Алеша взглянул было на него, открыв свое распухшее от слез, как у малого ребенка, лицо, но тотчас же, ни слова не вымолвив, отвернулся и снова закрылся обеими ладонями.
– А пожалуй, что и так, – произнес отец Паисий вдумчиво, – пожалуй, и плачь, Христос тебе эти слезы послал. «Умилительные слезки твои лишь отдых душевный и к веселию сердца твоего милого послужат», – прибавил он уже про себя, отходя от Алеши и любовно о нем думая. Отошел он, впрочем, поскорее, ибо почувствовал, что и сам, пожалуй, глядя на него, заплачет. Время между тем шло, монастырские службы и панихиды по усопшем продолжались в порядке. Отец Паисий снова заменил отца Иосифа у гроба и снова принял от него чтение Евангелия. Но еще не минуло и трех часов пополудни, как совершилось нечто, о чем упомянул я еще в конце прошлой книги, нечто, до того никем у нас неожиданное и до того в разрез всеобщему упованию, что, повторяю, подробная и суетная повесть о сем происшествии даже до сих пор с чрезвычайною живостью вспоминается в нашем городе и по всей нашей окрестности. Тут прибавлю еще раз от себя лично: мне почти противно вспоминать об этом суетном и соблазнительном событии, в сущности же самом пустом и естественном, и я, конечно, выпустил бы его в рассказе моем вовсе без упоминовения, если бы не повлияло оно сильнейшим и известным образом на душу и сердце главного, хотя и будущего героя рассказа моего, Алеши, составив в душе его как бы перелом и переворот, потрясший, но и укрепивший его разум уже окончательно, на всю жизнь и к известной цели.
Итак, к рассказу. Когда еще до свету положили уготованное к погребению тело старца во гроб и вынесли его в первую, бывшую приемную комнату, то возник было между находившимися у гроба вопрос: надо ли отворить в комнате окна? Но вопрос сей, высказанный кем-то мимоходом и мельком, остался без ответа и почти незамеченным – разве лишь заметили его, да и то про себя, некоторые из присутствующих лишь в том смысле, что ожидание тления и тлетворного духа от тела такого почившего есть сущая нелепость, достойная даже сожаления (если не усмешки), относительно малой веры и легкомыслия изрекшего вопрос сей. Ибо ждали совершенно противоположного.

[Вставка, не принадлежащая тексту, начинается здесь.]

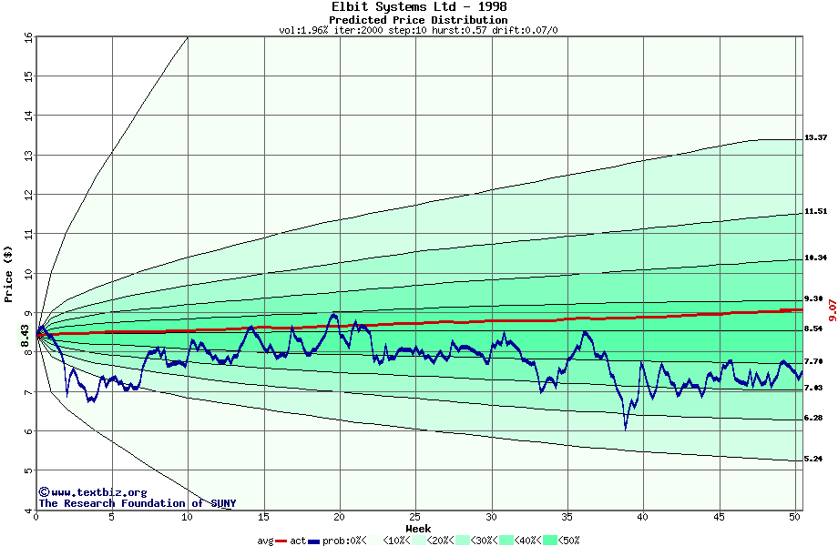 The following graph plots the year-to-date performance of the stock for 1998 compared to the probability calculated by a random walk model.
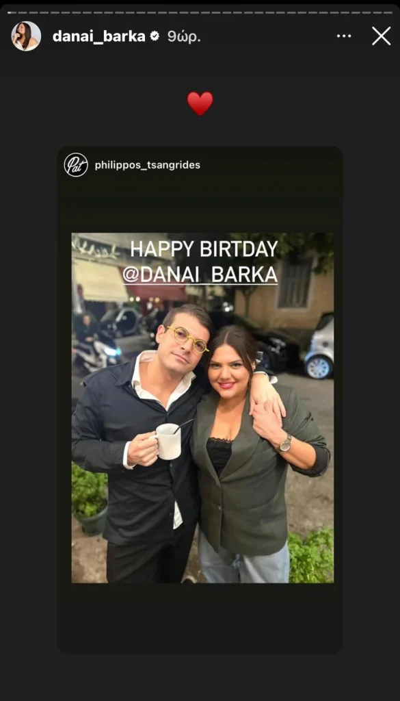 Να θυμίσουμε ότι πριν από μερικές εβδομάδες, ο Φίλιππος Τσαγκρίδης βρέθηκε στο μεγάλο πάρτι που διοργάνωσε η Δανάη Μπάρκα για τα γενέθλιά της, ενώ νωρίτερα, ο εφοπλιστής είχε ποστάρει στιγμιότυπο στο οποίο ποζάρουν αγκαλιά!
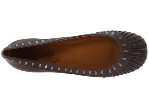 Obermaterial aus Leder mit nailhead Ornamentik um Kragen und Rüschen Detail um Zehe.
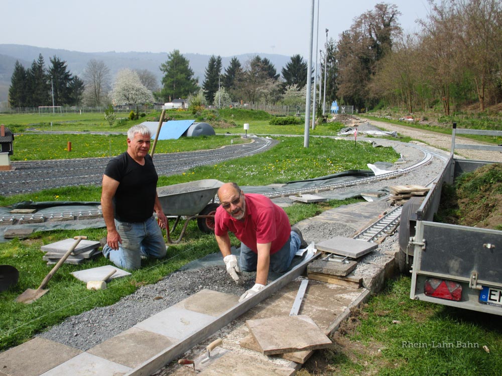 Das Modell des Stellwerk VII wurde ins trockene geholt, um abschließend den Sockel zu verfugen und die fehlenden Fenster einzusetzen. Auch für den Wasserturm wurde vorbereitende Arbeiten begonnen, sobald das Wetter es wieder zulässt werden die benötigten Modellklinker gesetzt, eine trotz Wasserspülung staubige Arbeit. Die ersten 2qm von 12 qm Modellklinker konnten bereits geschnitten werden.
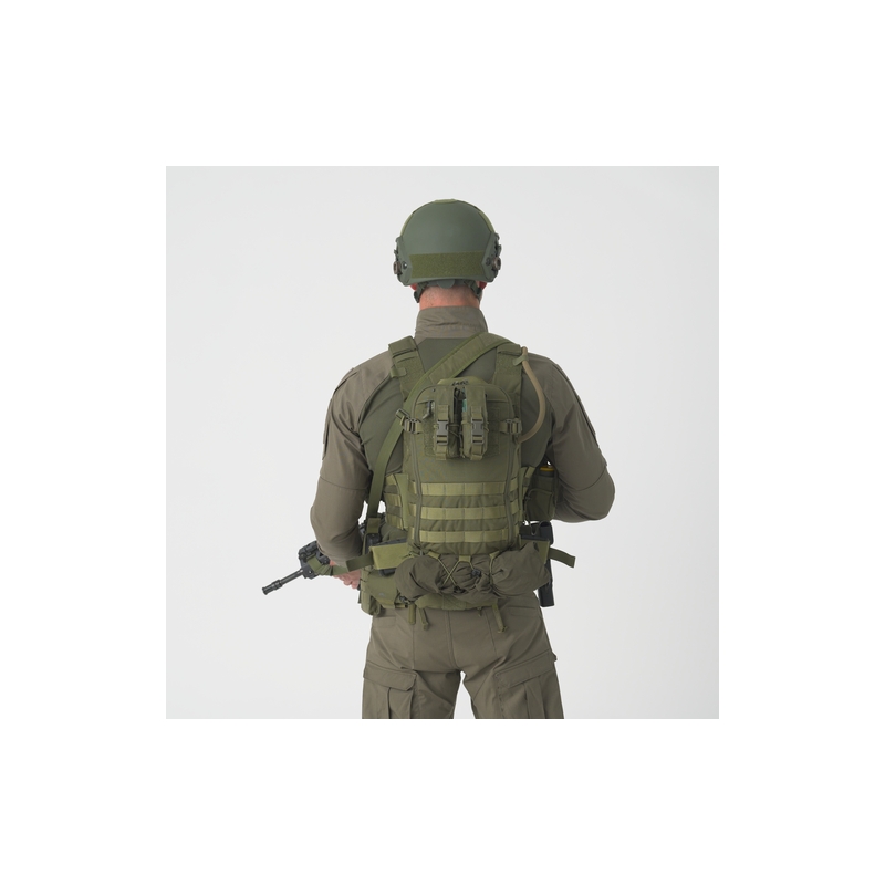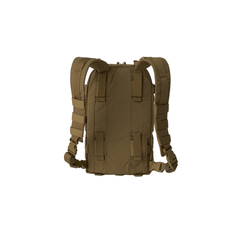 The Guardian Smallpack is a compact backpack with a capacity of 7.5 liters, designed primarily for use with the Guardian Plate Carrier, but it can also be worn independently. The interior is lined with soft fleece-like material (VELCRO hook-and-loop), allowing for the attachment of additional accessories like INSERT pockets as needed.
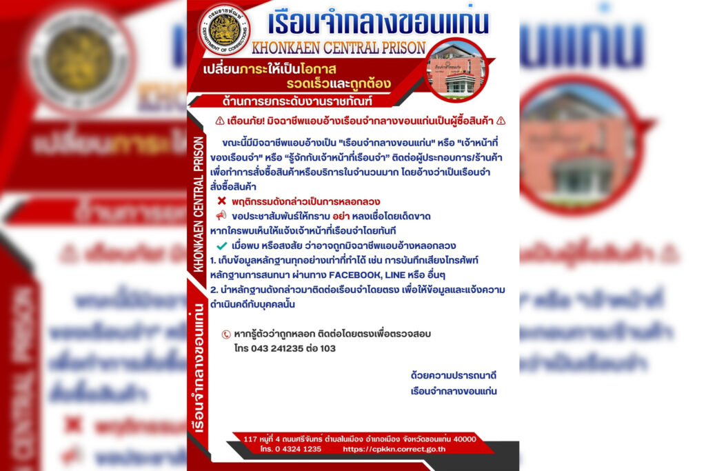 เตือนภัย! มิจฉาชีพแอบอ้างเรือนจำกลางขอนแก่นเป็นผู้ซื้อสินค้า … อ่านต่อ
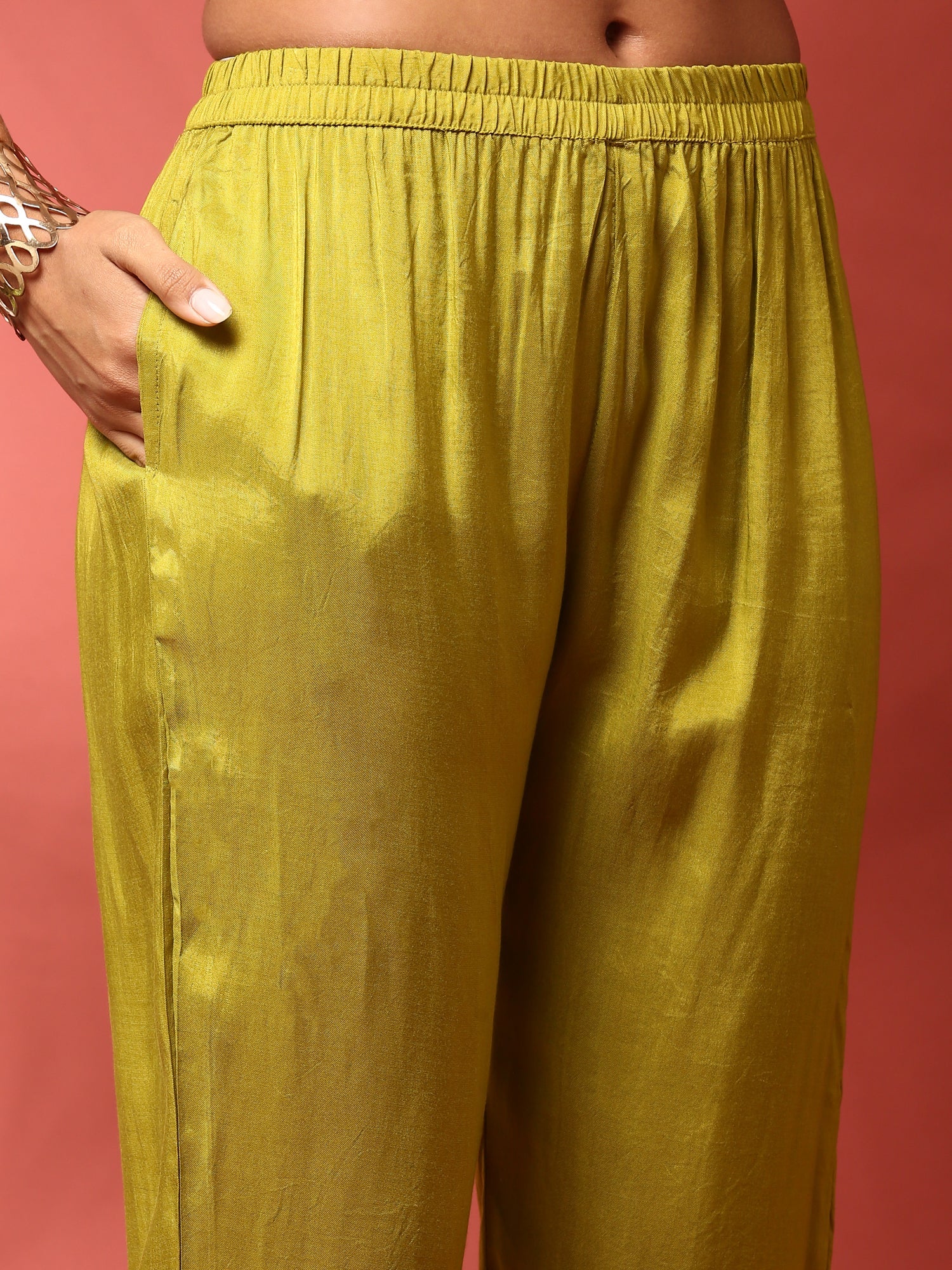 Elevate your ethnic wardrobe with this Mehendi green crepe three-piece suit set. Featuring a rich, calming green shade and silky crepe fabric, it offers both comfort and style. The set includes a beautifully tailored kurta, matching bottoms, and a coordinating dupatta, providing a complete look for festive occasions or casual gatherings.
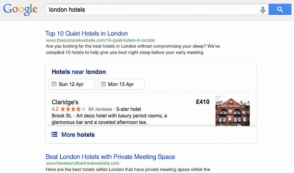 こうした情報を把握していれば、たとえば「best hotels in London」(ロンドンのおすすめホテル)と検索した場合、通常表示される結果ではなく、はるかにパーソナライズされ、しかもきわめて重要なことに、はるかに有益な結果が表示されることになる。
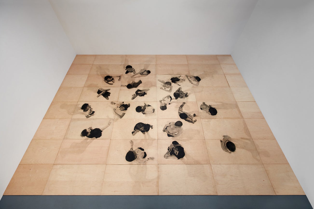 charcoal on wood, in 40 parts
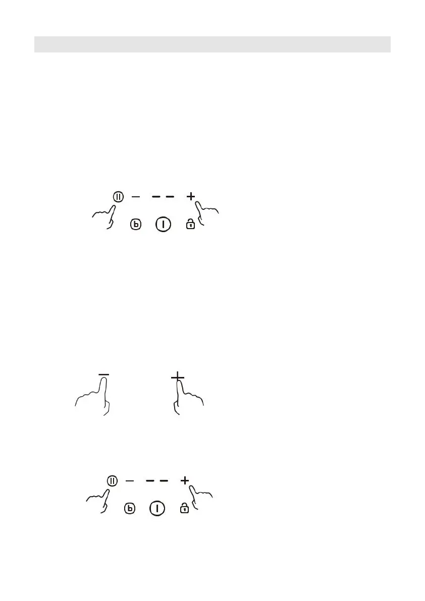 1. Turn on the hob, then press at the same time the “+”(timer) and Pause. The time
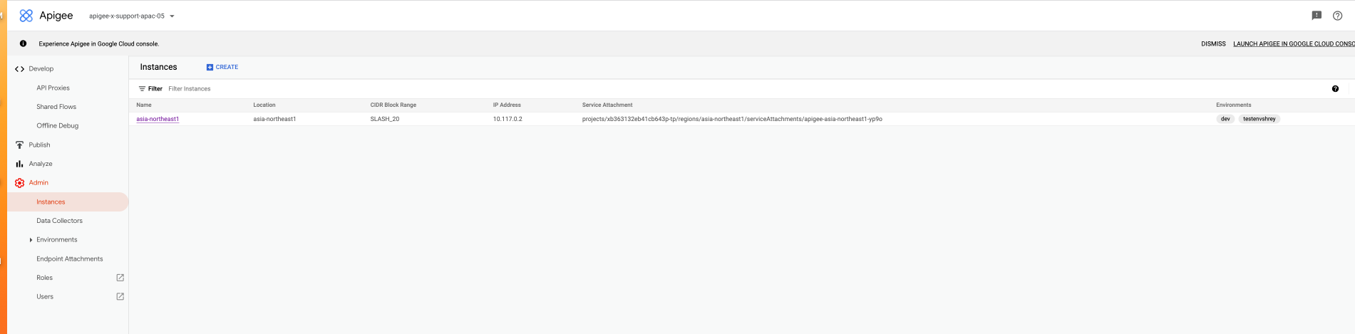- In the Apigee UI, click Admin > Instances.

И вот, вскорости после полудня, началось нечто, сначала принимаемое входившими и выходившими лишь молча и про себя, и даже с видимою боязнью каждого сообщить кому-либо начинающуюся мысль свою, но к трем часам пополудня обнаружившееся уже столь ясно и неопровержимо, что известие о сем мигом облетело весь скит и всех богомольцев-посетителей скита, тотчас же проникло и в монастырь и повергло в удивление всех монастырских, а наконец, чрез самый малый срок, достигло и города и взволновало в нем всех, и верующих, и неверующих. Неверующие возрадовались, а что до верующих, то нашлись иные из них, возрадовавшиеся даже более самих неверующих, ибо «любят люди падение праведного и позор его», как изрек сам покойный старец в одном из поучений своих. Дело в том, что от гроба стал исходить мало-помалу, но чем далее, тем более замечаемый тлетворный дух, к трем же часам пополудни уже слишком явственно обнаружившийся и все постепенно усиливавшийся. И давно уже не бывало и даже припомнить невозможно было из всей прошлой жизни монастыря нашего такого соблазна, грубо разнузданного, а в другом каком случае так даже и невозможного, какой обнаружился тотчас же вслед за сим событием между самими даже иноками. Потом уже, и после многих даже лет, иные разумные иноки наши, припоминая весь тот день в подробности, удивлялись и ужасались тому, каким это образом соблазн мог достигнуть тогда такой степени.
Ибо и прежде сего случалось, что умирали иноки весьма праведной жизни, и праведность коих была у всех на виду, старцы богобоязненные, а между тем и от их смиренных гробов исходил дух тлетворный, естественно, как и у всех мертвецов появившийся, но сие не производило же соблазна и даже малейшего какого-либо волнения. Конечно, были некие и у нас из древле преставившихся, воспоминание о коих сохранилось еще живо в монастыре, и останки коих, по преданию, не обнаружили тления, что умилительно и таинственно повлияло на братию и сохранилось в памяти ее как нечто благолепное и чудесное и как обетование в будущем еще большей славы от их гробниц, если только волею Божией придет тому время.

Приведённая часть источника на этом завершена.